Data provided:
────────────────────
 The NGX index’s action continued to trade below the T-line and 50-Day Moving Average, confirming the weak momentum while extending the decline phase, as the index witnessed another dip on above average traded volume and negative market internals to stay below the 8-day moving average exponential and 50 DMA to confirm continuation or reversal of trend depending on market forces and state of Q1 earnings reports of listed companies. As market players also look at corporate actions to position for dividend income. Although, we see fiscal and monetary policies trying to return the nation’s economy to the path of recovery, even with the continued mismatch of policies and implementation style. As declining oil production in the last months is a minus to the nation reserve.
────────────────────
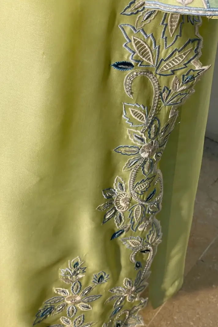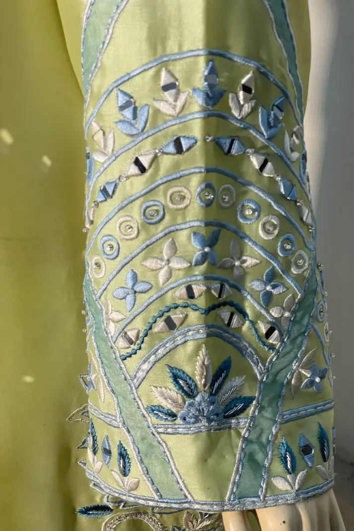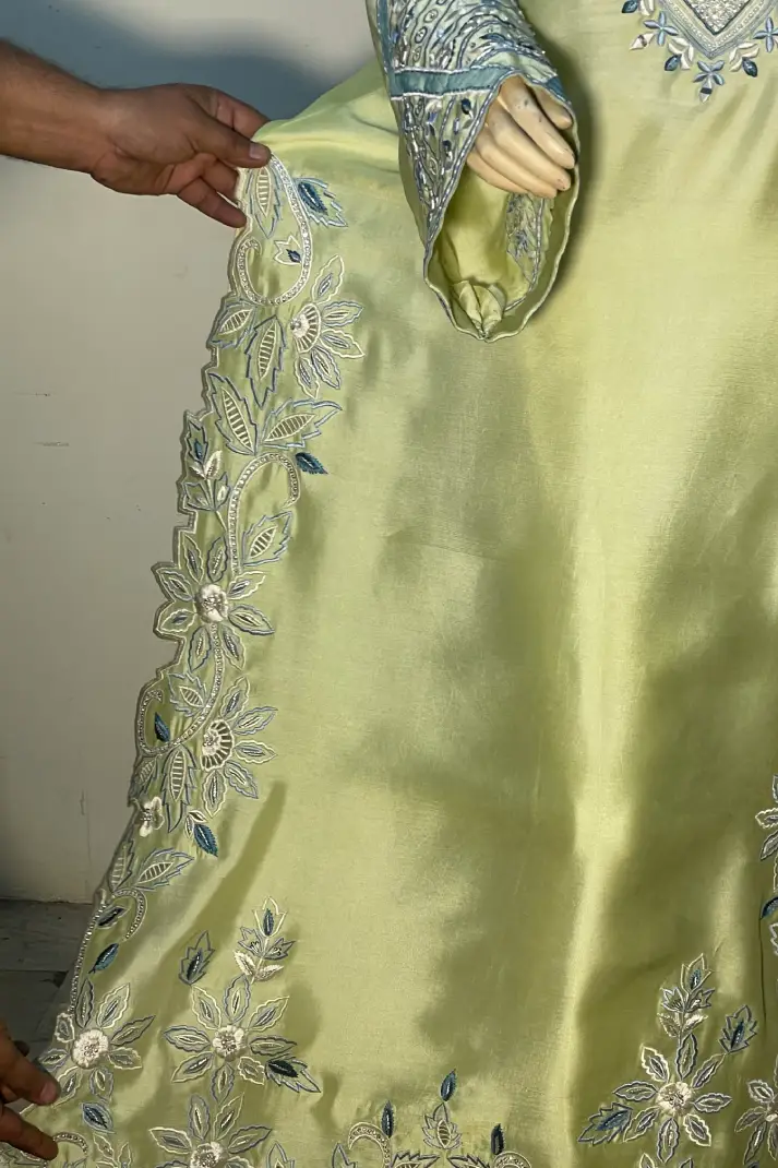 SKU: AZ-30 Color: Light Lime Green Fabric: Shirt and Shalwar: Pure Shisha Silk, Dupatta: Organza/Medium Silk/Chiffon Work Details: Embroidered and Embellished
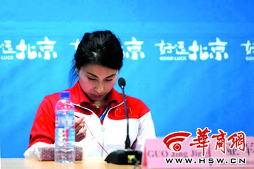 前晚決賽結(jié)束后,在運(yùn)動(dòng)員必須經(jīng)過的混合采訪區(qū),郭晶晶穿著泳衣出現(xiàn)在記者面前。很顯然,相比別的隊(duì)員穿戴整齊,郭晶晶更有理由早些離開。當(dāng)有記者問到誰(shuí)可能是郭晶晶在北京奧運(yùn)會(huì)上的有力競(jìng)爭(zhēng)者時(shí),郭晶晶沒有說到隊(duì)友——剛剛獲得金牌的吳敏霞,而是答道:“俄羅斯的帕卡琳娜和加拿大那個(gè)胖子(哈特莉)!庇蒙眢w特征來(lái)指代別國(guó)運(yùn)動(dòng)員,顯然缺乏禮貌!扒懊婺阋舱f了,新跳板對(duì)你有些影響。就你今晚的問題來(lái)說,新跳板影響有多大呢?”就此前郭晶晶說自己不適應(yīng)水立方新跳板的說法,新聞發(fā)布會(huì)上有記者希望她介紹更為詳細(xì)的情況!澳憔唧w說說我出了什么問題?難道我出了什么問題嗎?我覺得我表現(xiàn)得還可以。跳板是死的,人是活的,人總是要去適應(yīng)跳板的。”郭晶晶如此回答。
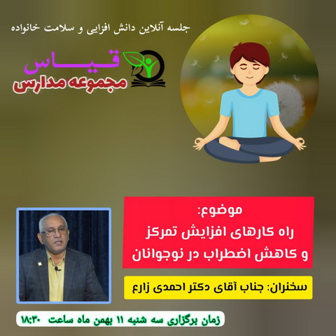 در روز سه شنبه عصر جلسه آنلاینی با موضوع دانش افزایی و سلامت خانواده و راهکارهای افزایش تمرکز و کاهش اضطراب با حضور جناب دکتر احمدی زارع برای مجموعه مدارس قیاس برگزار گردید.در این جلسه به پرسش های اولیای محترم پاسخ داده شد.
────────────────────
What is being asked:
Look back at the data above, then output exactly the lines from the line holding "前晚決賽結(jié)束后,在" up to and including the line holding "در روز سه شنبه". Leave out the pictures.

Result for this exercise:
 前晚決賽結(jié)束后,在運(yùn)動(dòng)員必須經(jīng)過的混合采訪區(qū),郭晶晶穿著泳衣出現(xiàn)在記者面前。很顯然,相比別的隊(duì)員穿戴整齊,郭晶晶更有理由早些離開。當(dāng)有記者問到誰(shuí)可能是郭晶晶在北京奧運(yùn)會(huì)上的有力競(jìng)爭(zhēng)者時(shí),郭晶晶沒有說到隊(duì)友——剛剛獲得金牌的吳敏霞,而是答道:“俄羅斯的帕卡琳娜和加拿大那個(gè)胖子(哈特莉)!庇蒙眢w特征來(lái)指代別國(guó)運(yùn)動(dòng)員,顯然缺乏禮貌!扒懊婺阋舱f了,新跳板對(duì)你有些影響。就你今晚的問題來(lái)說,新跳板影響有多大呢?”就此前郭晶晶說自己不適應(yīng)水立方新跳板的說法,新聞發(fā)布會(huì)上有記者希望她介紹更為詳細(xì)的情況!澳憔唧w說說我出了什么問題?難道我出了什么問題嗎?我覺得我表現(xiàn)得還可以。跳板是死的,人是活的,人總是要去適應(yīng)跳板的。”郭晶晶如此回答。
 در روز سه شنبه عصر جلسه آنلاینی با موضوع دانش افزایی و سلامت خانواده و راهکارهای افزایش تمرکز و کاهش اضطراب با حضور جناب دکتر احمدی زارع برای مجموعه مدارس قیاس برگزار گردید.در این جلسه به پرسش های اولیای محترم پاسخ داده شد.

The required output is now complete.